++++ DATASET RECORDS
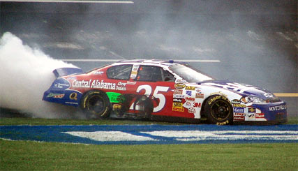 Brian Vickers, de Chevrolet Monte Carlo, venceu neste domingo (08/10) a UAW 500, no Talladega Speedway, 30º etapa da temporada, e 4º dos Play-offs. Foi o primeiro triunfo de Vickers na Nascar Nextel Cup, mas de uma forma muito polêmica.
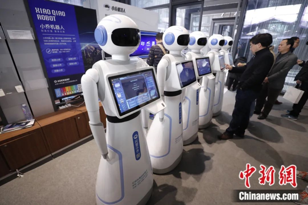 第四屆世界互聯(lián)網(wǎng)大會“互聯(lián)網(wǎng)之光”博覽會上,參觀者體驗(yàn)人工智能機(jī)器人。杜洋 攝
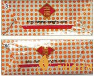 真煙所用的透明紙摩擦系數(shù)較低,透明度高,用手觸摸可感到其表面較光滑,紙質(zhì)較??;假煙所用的透明紙材質(zhì)粗劣,摩擦系數(shù)較高,用手觸摸可感到較滯手,紙質(zhì)較厚。
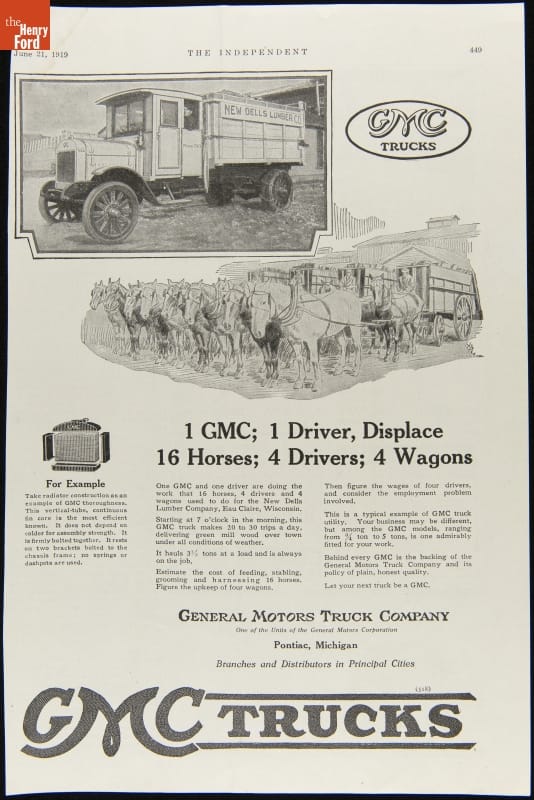 1919 General Motors Truck Company Advertisement, "1 GMC; 1 Driver, Displace 16 Horses; 4 Drivers; 4 Wagons"
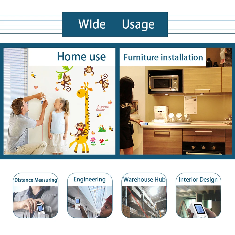 1. Высокая точность: Этот цифровой ИК-дальномер обеспечивает точные и быстрые результаты измерений, чтобы удовлетворить ваши требования к измерениям. Цифровой измерительный измерительные рулетки с 0,1 футов до 100 футов с точностью до 3 мм, что очень быстро, точной и эффективной.
++++++++
Output nothing but the lines from the line with "真煙所用的透明紙摩擦系數(s" through the last line of the material above, please, word for word and without the pictures.

 真煙所用的透明紙摩擦系數(shù)較低,透明度高,用手觸摸可感到其表面較光滑,紙質(zhì)較??;假煙所用的透明紙材質(zhì)粗劣,摩擦系數(shù)較高,用手觸摸可感到較滯手,紙質(zhì)較厚。
 1919 General Motors Truck Company Advertisement, "1 GMC; 1 Driver, Displace 16 Horses; 4 Drivers; 4 Wagons"
 1. Высокая точность: Этот цифровой ИК-дальномер обеспечивает точные и быстрые результаты измерений, чтобы удовлетворить ваши требования к измерениям. Цифровой измерительный измерительные рулетки с 0,1 футов до 100 футов с точностью до 3 мм, что очень быстро, точной и эффективной.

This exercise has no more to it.